Again that isn’t your fault, she shouldn’t be displacing her negative feelings for your dad onto you nor should she be making you feel guilt about the sad state of her life right now.

Unfortunately all you can do is continue to wait it out and hope that when she is talking about it with her friends that she is processing it out in her mind as well so that she can heal. For some people that can take years. In the meantime, try not to let the cruel things she says leave any trauma on you. Her issues are not your issues and just because your mom is damaged it doesn’t mean that she has the right to pass her damage onto you.

Somewhere inside her she probably truly does love you, and she would be devastated if anything happened to you. She just can’t really allow herself to feel the love right now because love and pain are synonymous for her at the moment. Hang in there!

1 Heart

Thanks for the advice! I just don’t get why she would say she doesn’t care he cheated, but act like it does. She’s always saying she doesn’t care but I can tell she clearly does because it’s like her attitude towards a lot of things regarding him and me has changed and the way she acts towards her friends and the rest of our/his family, it feels like she clearly does care.

In short, she does and she is lying when she says she doesn’t–mainly to herself though.
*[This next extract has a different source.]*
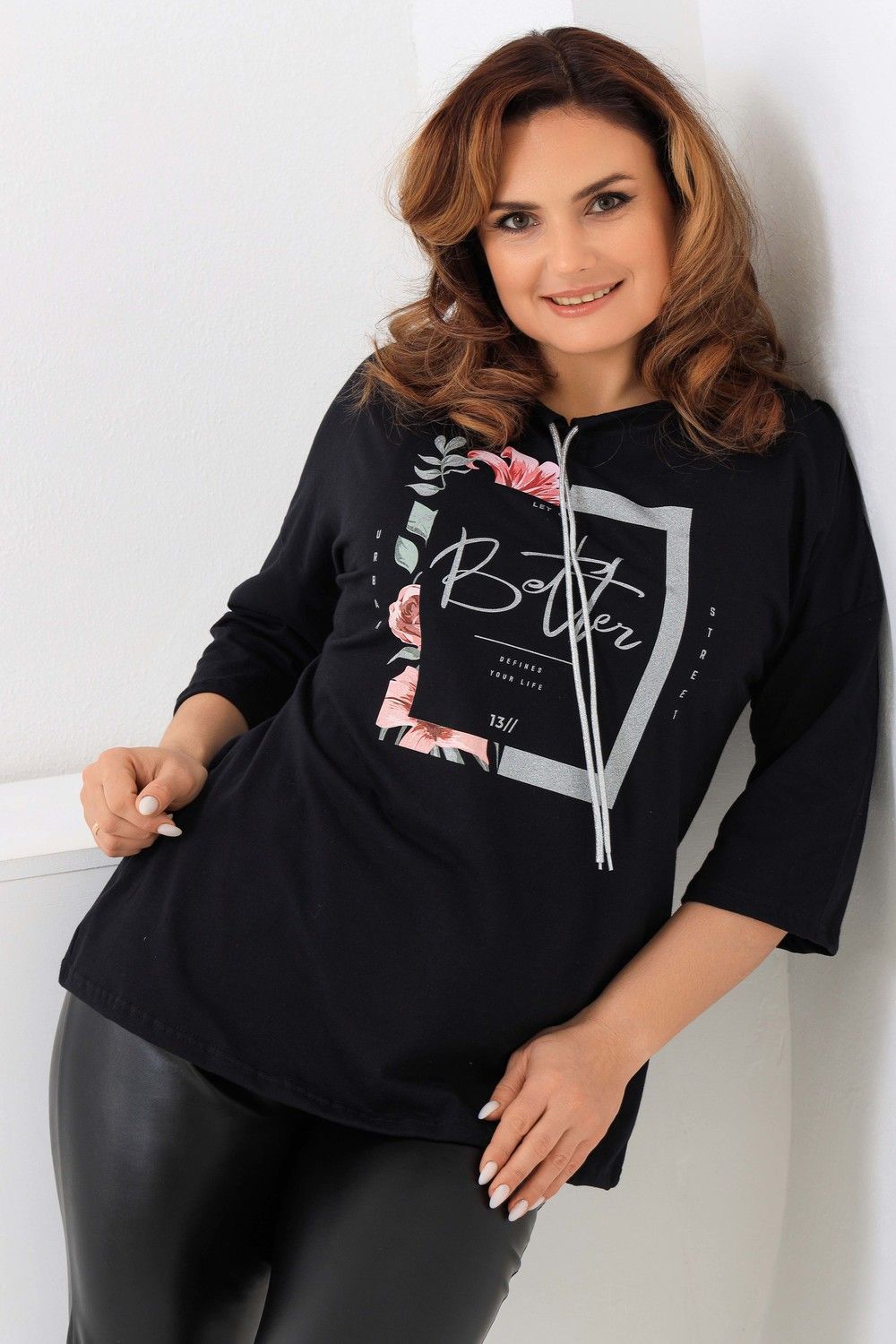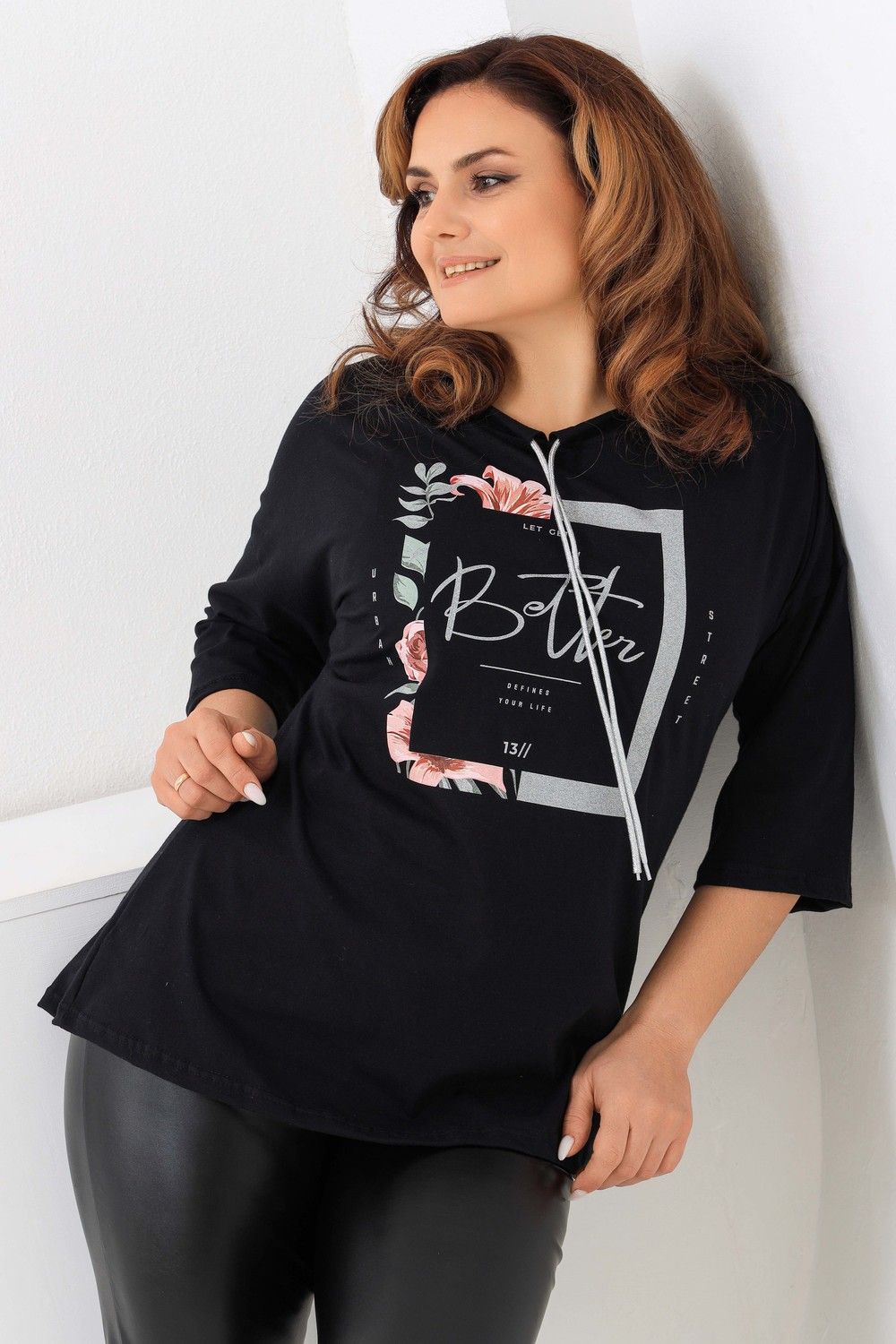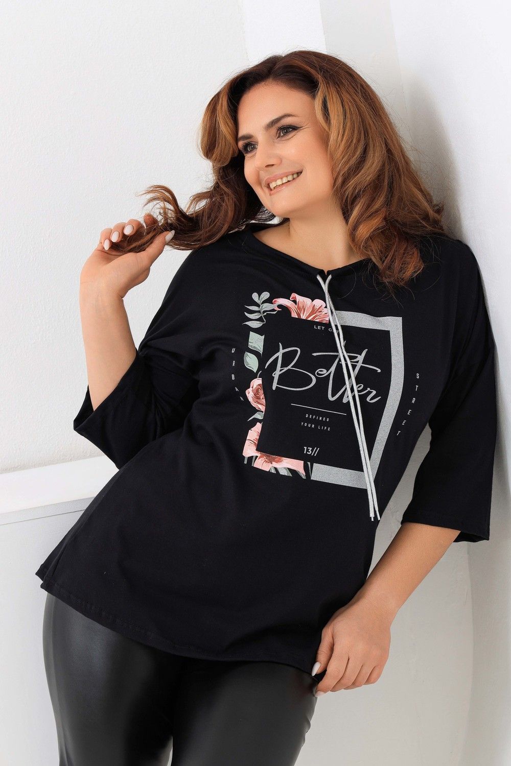 Удлиненная женская футболка со шнурком, длиной до середины бедра с округлым вырезом горловины. Представленная в цветах - красный, фисташковый, лиловый, молочный и черном не утратят своей актуальности. Модели средней длины прекрасно смотрятся с брюками - дудочками или облегающими джинсами. В прохладную погоду хорошо будет смотреться в паре с утепленной жилеткой или курткой. Принт из блестящего глиттера прекрасно гармонирует с серебристым шнурком. Модель выполнена из хлопка высшего качества. Размер на модели 48. Параметры 105-86-98/169

She doesn’t want to admit that he had enough power over her to hurt her as badly as he did because when he did that he shattered every part of her reality including her self worth because she probably had too much of it tied up in that relationship to begin with. Its easier to act like you don’t care. Although it does make healing more challenging.

1 Heart

Your mom must feel stomped on and as a parent, I get how hard it is to do all the parenting stuff and it has to be even harder when she doesn’t feel loved or appreciated. Maybe you can just try to show her a little affection and tell her, I see a lot more than you realize and you deserve better. It sucks having to be the adult, I was that kid too, it isn’t fair, but right now your mother is grieving whether she realizes it or not and needs to be loved through this devastating time.

You deserve to be loved and cared for and I am sorry that your parents have really failed you, I know how hard that is, your story seems very similar to mine and it was not a joyful childhood.